Entries taken from a collection
▼

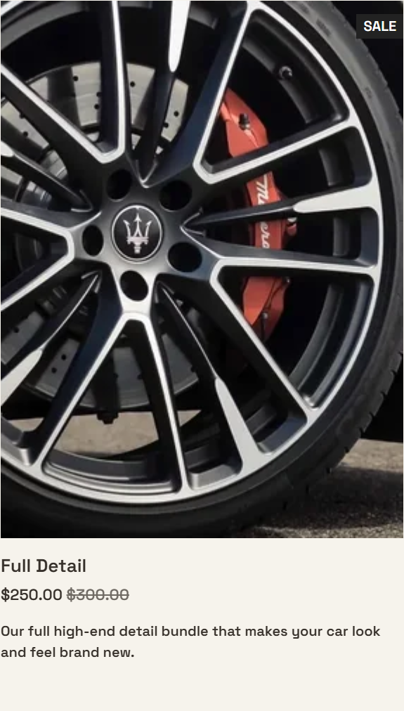 I specialize in high-end detailing for owners who value their time as much as their car. My mobile service protects your investment and keeps it looking showroom-ready without disrupting your schedule. Book now and let your vehicle reflect the standard you live by.
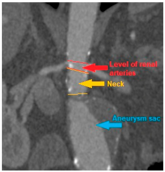 It has not been fully determined if or how profoundly the presence or absence of AAA neck segment should be regarded. The term abdominal aortic aneurysm is defined as any significantly large dilation of the aorta, from the aortic hiatus to the division into the iliac arteries. The majority of these cases are patients with an aneurysm located below the exit of the renal arteries, as in this region the histological structure determines the greater susceptibility of the vascular wall to remodeling into an aneurysm [5,10]. A rarer variant is an aneurysm present in the segment of major visceral arteries departure, and such aneurysms are often treated in clinical practice as a separate disease, not because of a different etiopathogenesis, but a different method of their treatment. However, relatively often there is an indirect variant, i.e., aneurysm, which does not cover the section where the visceral arteries depart from the aorta but begins so close to the renal arteries that there is no undilated section between them and the aneurysm sac, i.e., the neck. In this article, such aneurysms are referred to as non-neck aneurysms. Due to the same localization of aneurysms with and without the neck, in the literature referred to as infrarenal, there are no reasons to exclude non-neck aneurysms from the study group. However, all results and conclusions obtained on the basis of the measurements of the aneurysm neck section should be treated with adequate reserve, as it has not been precisely established whether and when the neck is a physiological section of the vessel or if it is already a primary lesion.
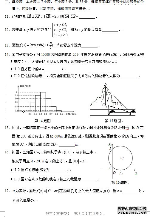 湖北2015年高考文科數(shù)學(xué)真題試卷(官方版)
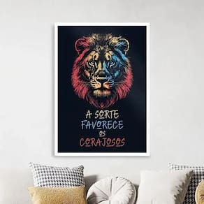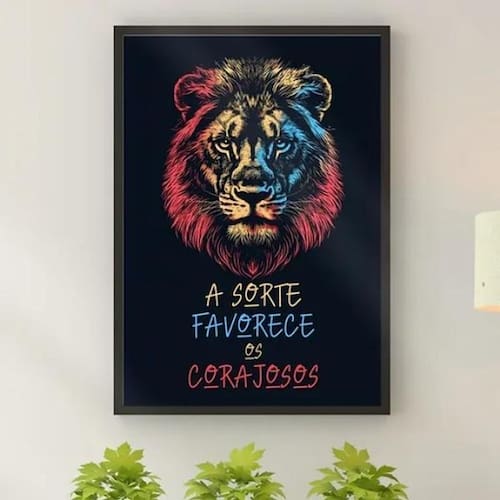 Quadro leão sorte favorece corajosos 33x24cm Cor: moldura preta Informações do produto tire todas as suas dúvidas no descritivo abaixo: decoração para quarto, sala, cozinha, escritório, área gourmet e muito mais. Chega de paredes vazias medidas - cada peça tem 33x24cm a4 . Material do papel - papel fotográfico brilhante de altíssima resolução acabamento - todos os quadros são acompanhados de uma película de acetato para proteção da imagem. - os quadros são embalados de forma segura com plástico bolha com camada dupla de acordo com o tamanho dos quadros. Garantia - garantia de 3 meses. Meu quadro chegou. Como posso fixá-lo Você precisa apenas de um martelo e um prego, pois os quadros já vão acompanhados de penduradores. Esta é a forma mais indicada. Caso prefira, você pode utilizar uma fita dupla face neste caso, sugerimos de alta qualidade para evitar que descole e seu quadro caia . Como posso limpar meu quadro A limpeza é feita como um móvel comum da sua casa. Apenas um pano seco ou espanador são suficientes para tal
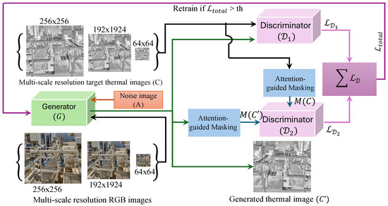 Both the generator and discriminator components of the proposed model have been modified. On the generator side, the noise image A and multi-scale resolution RGB images B are provided as inputs. Specifically, image pairs at three different resolutions , , and pixels-are used, representing , , and of the original image resolution, respectively. This multi-scale approach allows the generator to capture features across different levels of features, which improve its ability to generate realistic thermal images even with the small dataset. This multi-scale input strategy can be mathematically formalized as
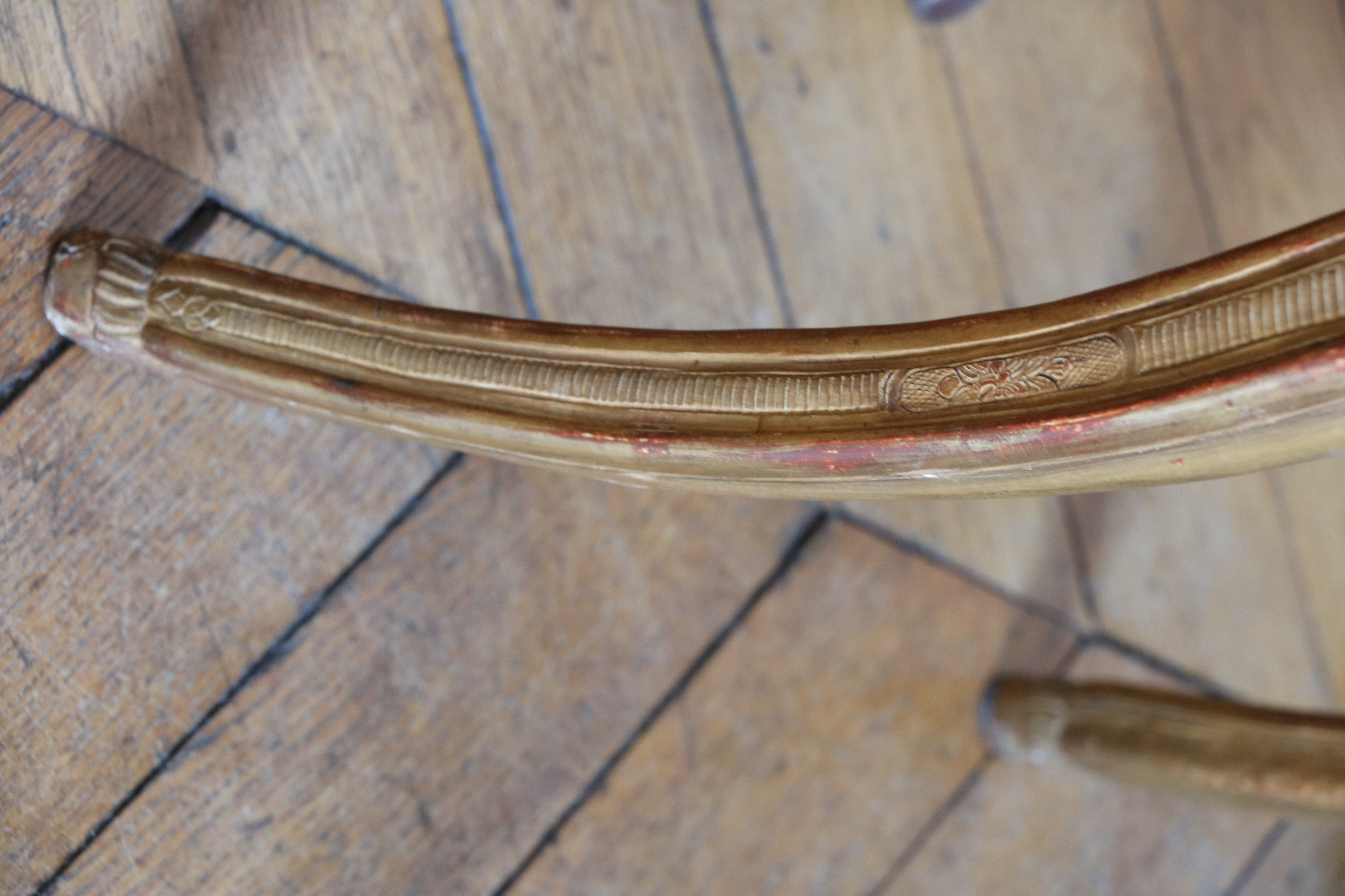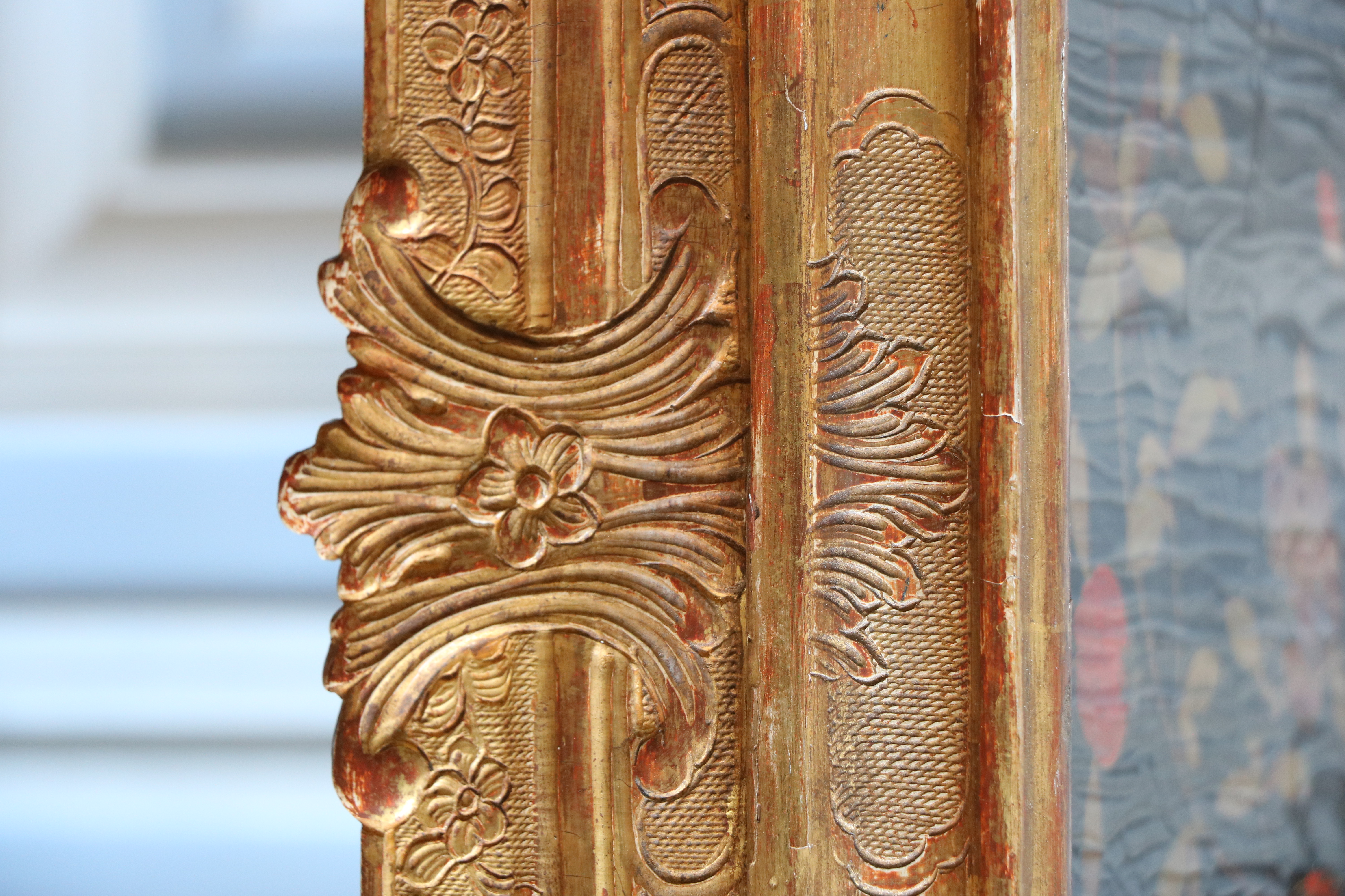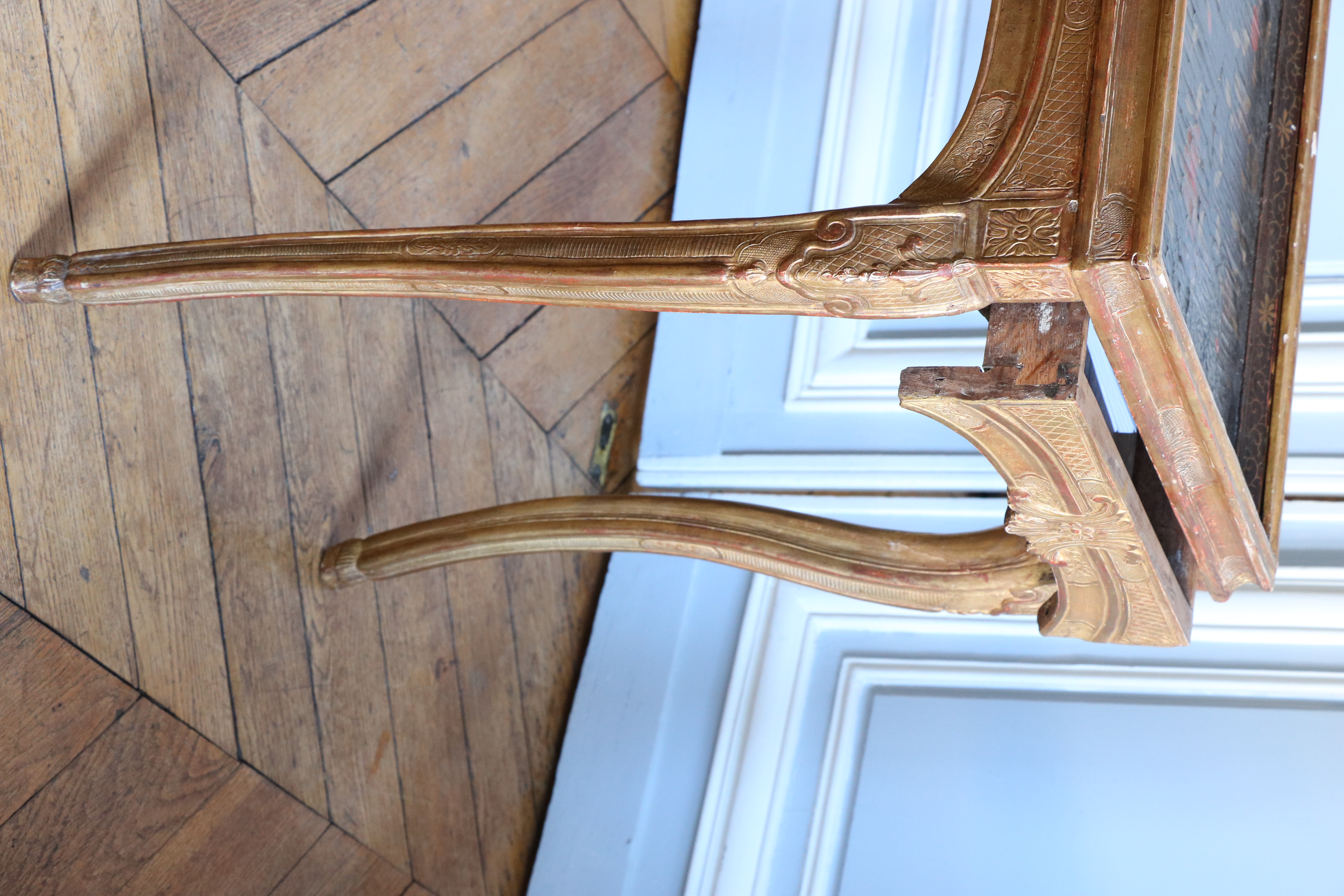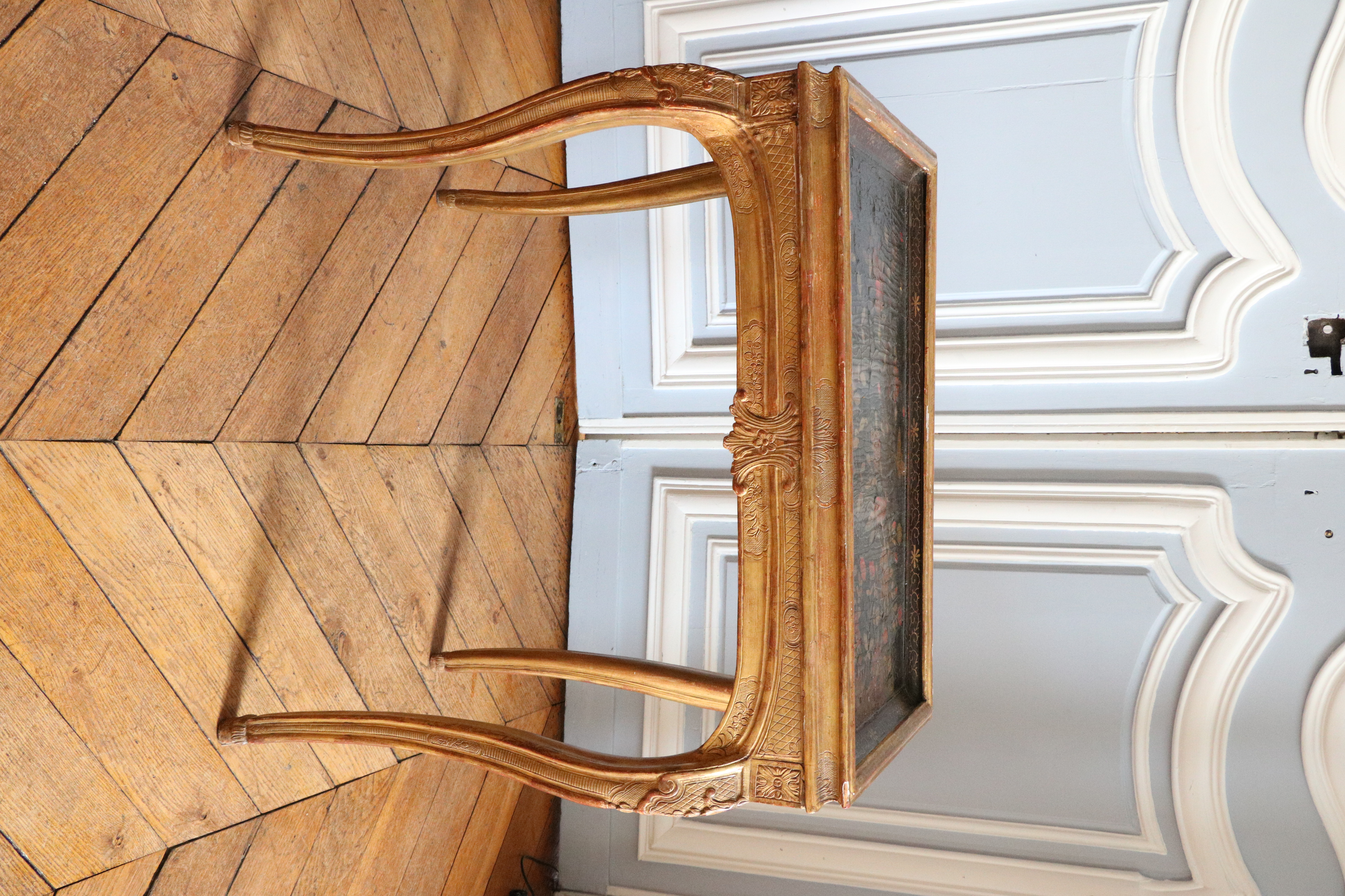 Table-console à plateau de laque en cabaret, de forme rectangulaire en bois sculpté et doré ouvrant par un tiroir latéral. Le dessus présente un panneau en laque de chine d'époque Kangxi à fond brun rehaussé d'or, à décor de tiges fleuries et feuillagées animées d'oiseaux et de papillons. Il repose sur un piétement caractéristique du début de la période Louis XV : sculpture symétrique à motifs de coquilles, feuillages et grenades éclatées, pieds en console terminés par des sabots caprins. Paris. Époque début Louis XV. Circa 1730. Craquelures et accidents à la laque. Léger manque à la dorure. H.67 x L.67 x P.44 cm Présente dans les intérieurs à la mode du XVIIIème siècle, la table en cabaret apparaît à la fin du XVIIème siècle. Son introduction dans le mobilier français est due à l'engouement qui s'est manifesté tout au long du Grand Siècle pour les objets venus d'Extrême-Orient. Le cabaret désigna tout d'abord un plateau sur lequel étaient dressés tasses, pots, sucrier, théière, cafetière ou chocolatière selon la collation désirée. Les premiers cabarets, importés de Chine ou du Japon, étaient en laque et commercialisés par les marchands merciers qui les adaptèrent à des piètements fabriqués en France. Ils ne tardèrent pas à en faire réaliser avec des formes les plus diverses, faisant de ce meuble l'un des plus élégants du XVIIIème siècle. Cet exemplaire en laque appartient à la première génération de table en cabaret composée d'un piètement ouvrant à un tiroir latéral, en bois de chêne sculpté et doré avec des pieds cambrés à sabot de biche.

▲

▶ **PROBLEM**:
Return all of the lines above without alteration, minus the pictures.

▶ **OUTPUT FOR THIS TASK**:
 I specialize in high-end detailing for owners who value their time as much as their car. My mobile service protects your investment and keeps it looking showroom-ready without disrupting your schedule. Book now and let your vehicle reflect the standard you live by.
 It has not been fully determined if or how profoundly the presence or absence of AAA neck segment should be regarded. The term abdominal aortic aneurysm is defined as any significantly large dilation of the aorta, from the aortic hiatus to the division into the iliac arteries. The majority of these cases are patients with an aneurysm located below the exit of the renal arteries, as in this region the histological structure determines the greater susceptibility of the vascular wall to remodeling into an aneurysm [5,10]. A rarer variant is an aneurysm present in the segment of major visceral arteries departure, and such aneurysms are often treated in clinical practice as a separate disease, not because of a different etiopathogenesis, but a different method of their treatment. However, relatively often there is an indirect variant, i.e., aneurysm, which does not cover the section where the visceral arteries depart from the aorta but begins so close to the renal arteries that there is no undilated section between them and the aneurysm sac, i.e., the neck. In this article, such aneurysms are referred to as non-neck aneurysms. Due to the same localization of aneurysms with and without the neck, in the literature referred to as infrarenal, there are no reasons to exclude non-neck aneurysms from the study group. However, all results and conclusions obtained on the basis of the measurements of the aneurysm neck section should be treated with adequate reserve, as it has not been precisely established whether and when the neck is a physiological section of the vessel or if it is already a primary lesion.
 湖北2015年高考文科數(shù)學(xué)真題試卷(官方版)
 Quadro leão sorte favorece corajosos 33x24cm Cor: moldura preta Informações do produto tire todas as suas dúvidas no descritivo abaixo: decoração para quarto, sala, cozinha, escritório, área gourmet e muito mais. Chega de paredes vazias medidas - cada peça tem 33x24cm a4 . Material do papel - papel fotográfico brilhante de altíssima resolução acabamento - todos os quadros são acompanhados de uma película de acetato para proteção da imagem. - os quadros são embalados de forma segura com plástico bolha com camada dupla de acordo com o tamanho dos quadros. Garantia - garantia de 3 meses. Meu quadro chegou. Como posso fixá-lo Você precisa apenas de um martelo e um prego, pois os quadros já vão acompanhados de penduradores. Esta é a forma mais indicada. Caso prefira, você pode utilizar uma fita dupla face neste caso, sugerimos de alta qualidade para evitar que descole e seu quadro caia . Como posso limpar meu quadro A limpeza é feita como um móvel comum da sua casa. Apenas um pano seco ou espanador são suficientes para tal
 Both the generator and discriminator components of the proposed model have been modified. On the generator side, the noise image A and multi-scale resolution RGB images B are provided as inputs. Specifically, image pairs at three different resolutions , , and pixels-are used, representing , , and of the original image resolution, respectively. This multi-scale approach allows the generator to capture features across different levels of features, which improve its ability to generate realistic thermal images even with the small dataset. This multi-scale input strategy can be mathematically formalized as
 Table-console à plateau de laque en cabaret, de forme rectangulaire en bois sculpté et doré ouvrant par un tiroir latéral. Le dessus présente un panneau en laque de chine d'époque Kangxi à fond brun rehaussé d'or, à décor de tiges fleuries et feuillagées animées d'oiseaux et de papillons. Il repose sur un piétement caractéristique du début de la période Louis XV : sculpture symétrique à motifs de coquilles, feuillages et grenades éclatées, pieds en console terminés par des sabots caprins. Paris. Époque début Louis XV. Circa 1730. Craquelures et accidents à la laque. Léger manque à la dorure. H.67 x L.67 x P.44 cm Présente dans les intérieurs à la mode du XVIIIème siècle, la table en cabaret apparaît à la fin du XVIIème siècle. Son introduction dans le mobilier français est due à l'engouement qui s'est manifesté tout au long du Grand Siècle pour les objets venus d'Extrême-Orient. Le cabaret désigna tout d'abord un plateau sur lequel étaient dressés tasses, pots, sucrier, théière, cafetière ou chocolatière selon la collation désirée. Les premiers cabarets, importés de Chine ou du Japon, étaient en laque et commercialisés par les marchands merciers qui les adaptèrent à des piètements fabriqués en France. Ils ne tardèrent pas à en faire réaliser avec des formes les plus diverses, faisant de ce meuble l'un des plus élégants du XVIIIème siècle. Cet exemplaire en laque appartient à la première génération de table en cabaret composée d'un piètement ouvrant à un tiroir latéral, en bois de chêne sculpté et doré avec des pieds cambrés à sabot de biche.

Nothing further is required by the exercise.